In this blog, I will continue my discussion on ejabberd’s socket infrastructure. For the sake of simplicity, let’s write a simple echo service module, which receives any packet from the client, and echo the packet back.

Register our listener

First, we must register our service in the ejabberd’s config file:

%% file: ejabberd.cfg 
{listen,
  [
   %% ...
   {5555, echo_service, []},
   %% …
  ]}

Quick and dirty echo service

Our echo service will be listening at 5555/tcp. Now let’s write a handler for this port, we start out with a gen_fsm skeleton:

%%%-------------------------------------------------------------------
%%% @author Chi Zhang <elecpaoao@gmail.com>
%%% @copyright (C) 2012, Chi Zhang
%%% @doc
%%%  echo service demo
%%% @end
%%% Created : 24 May 2012 by Chi Zhang <elecpaoao@gmail.com>
%%% file: echo_service.erl 
%%%-------------------------------------------------------------------
-module(echo_service).

-behaviour(gen_fsm).

%% API
-export([start_link/2]).

-export([start/2,
         socket_type/0]).
     
%% gen_fsm callbacks
-export([init/1, state_name/2, state_name/3, handle_event/3,
     handle_sync_event/4, handle_info/3, terminate/3, code_change/4]).

-define(SERVER, ?MODULE).

-include("ejabberd.hrl").

-record(state, {sockmod, csock, opts}).

%%%===================================================================
%%% API
%%%===================================================================

start(SockData, Opts) ->
    start_link(SockData, Opts).

socket_type() ->
    raw.

start_link(SockData, Opts) ->
    gen_fsm:start_link(?MODULE, [SockData, Opts], []).

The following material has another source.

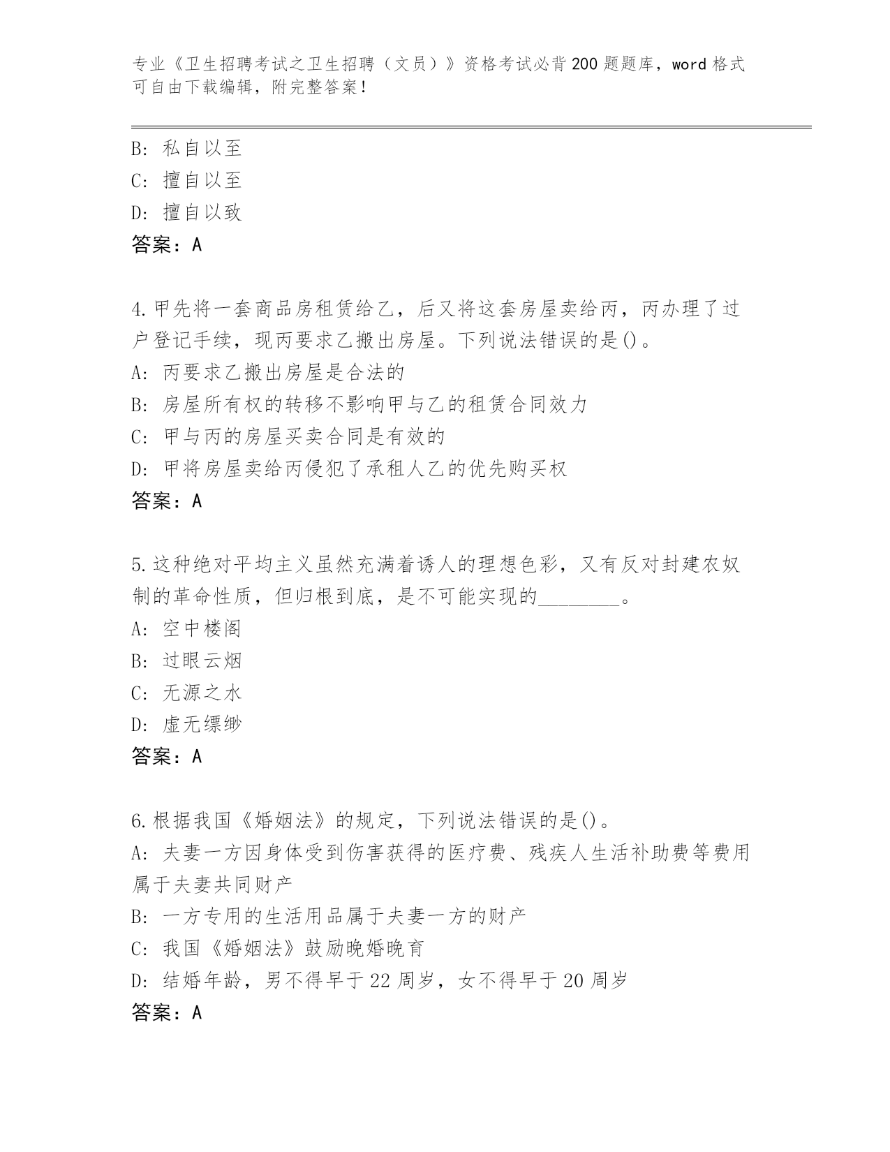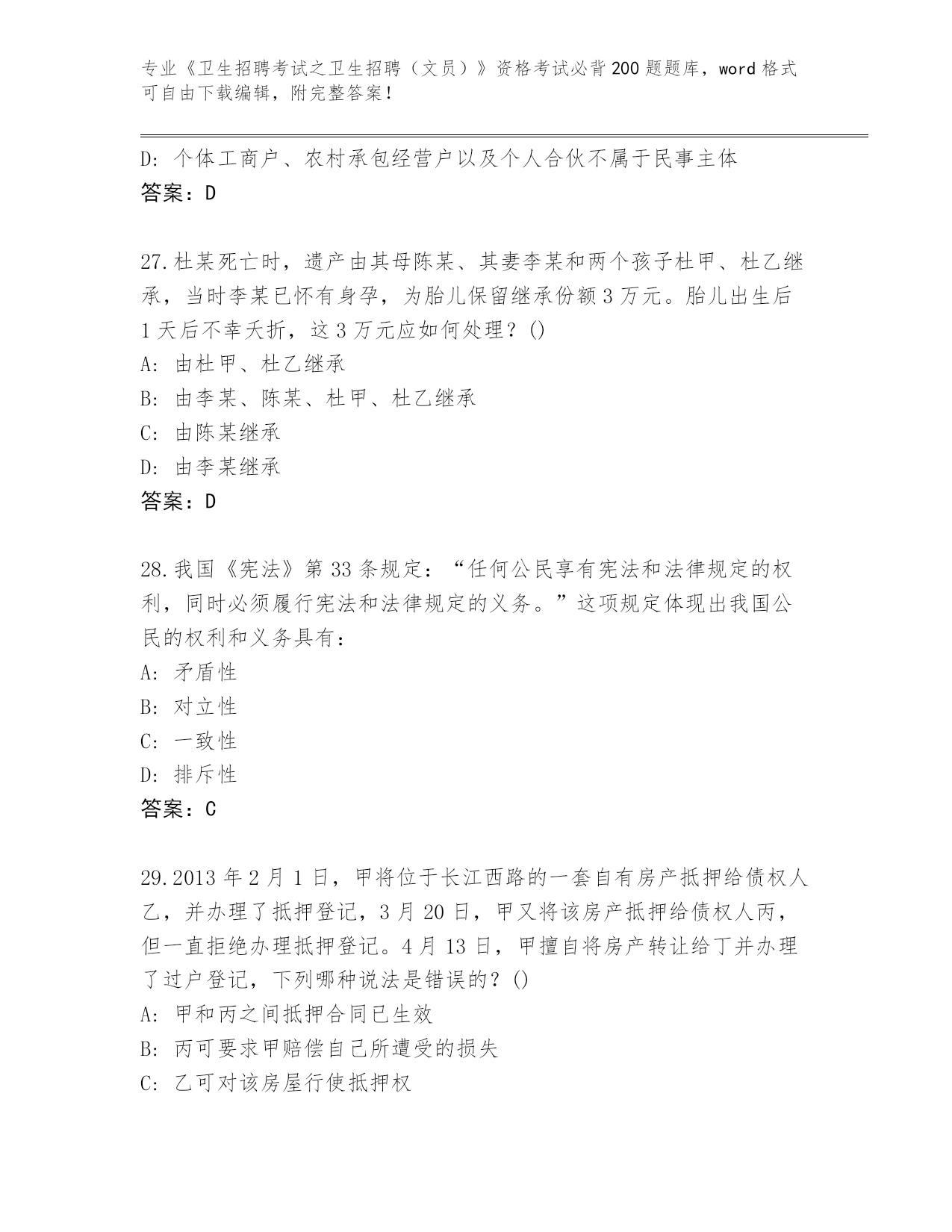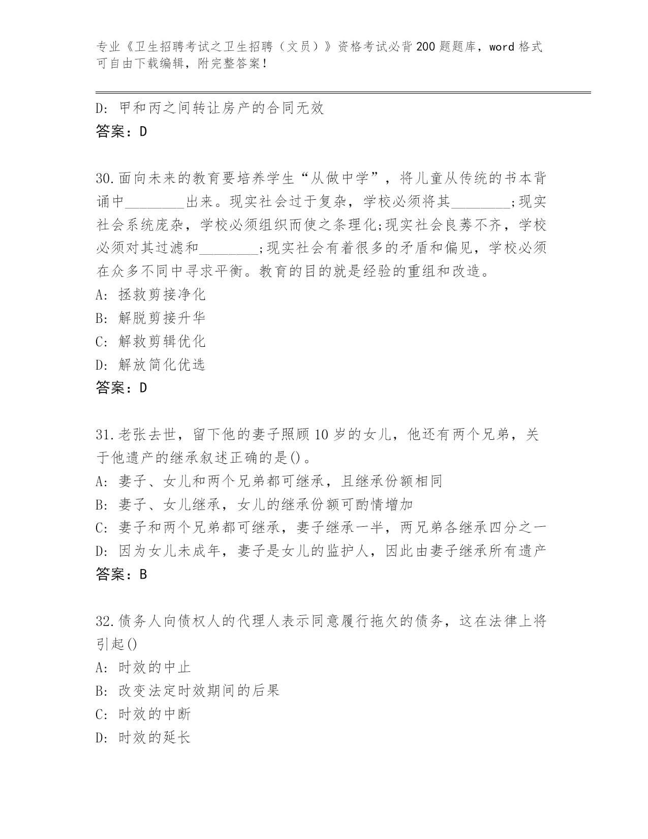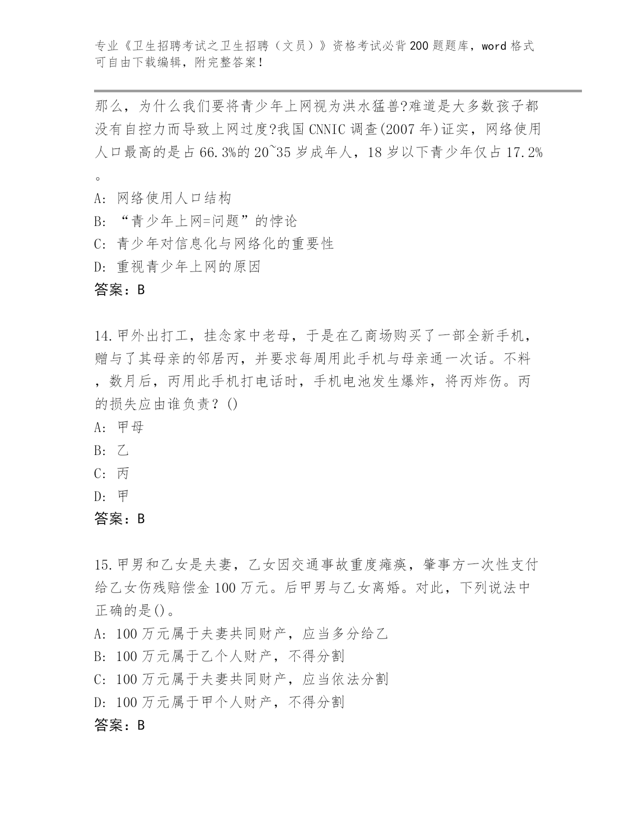 整理河北省《卫生招聘考试之卫生招聘(文员)》资格考试必背200题通关秘籍题库(B卷)

%%%===================================================================
%%% gen_fsm
%%%===================================================================

init([{SockMod, CSock}, Opts]) ->
    ?ERROR_MSG("start with sockmod: ~p csock: ~p opts: ~p", [SockMod, CSock, Opts]),
    State = #state{sockmod=SockMod, csock=CSock, opts=Opts},
    activate_socket(State),
    {ok, state_name, State}.

state_name(_Event, State) ->
    {next_state, state_name, State}.

state_name(_Event, _From, State) ->
    Reply = ok,
    {reply, Reply, state_name, State}.

handle_event(_Event, StateName, State) ->
    {next_state, StateName, State}.

handle_sync_event(_Event, _From, StateName, State) ->
    Reply = ok,
    {reply, Reply, StateName, State}.

handle_info({_, CSock, Packet}, StateName, #state{sockmod=SockMod}=State) ->
    ?ERROR_MSG("received: ~p", [Packet]),
    SockMod:send(CSock, Packet),
    activate_socket(State),
    {next_state, StateName, State};
handle_info({tcp_closed, _CSock}, _StateName, State) ->
    ?ERROR_MSG("client closed: ~p", [State]),
    {stop, normal, State};
handle_info(_Info, StateName, State) ->
    ?ERROR_MSG("received: ~p", [_Info]),
    {next_state, StateName, State}.

terminate(_Reason, _StateName, _State) ->
    ?ERROR_MSG("terminated ~p", [_Reason]),
    ok.

code_change(_OldVsn, StateName, State, _Extra) ->
    {ok, StateName, State}.

%%%===================================================================
%%% Internal functions
%%%===================================================================

activate_socket(#state{csock=CSock}) ->
    inet:setopts(CSock, [{active, once}]).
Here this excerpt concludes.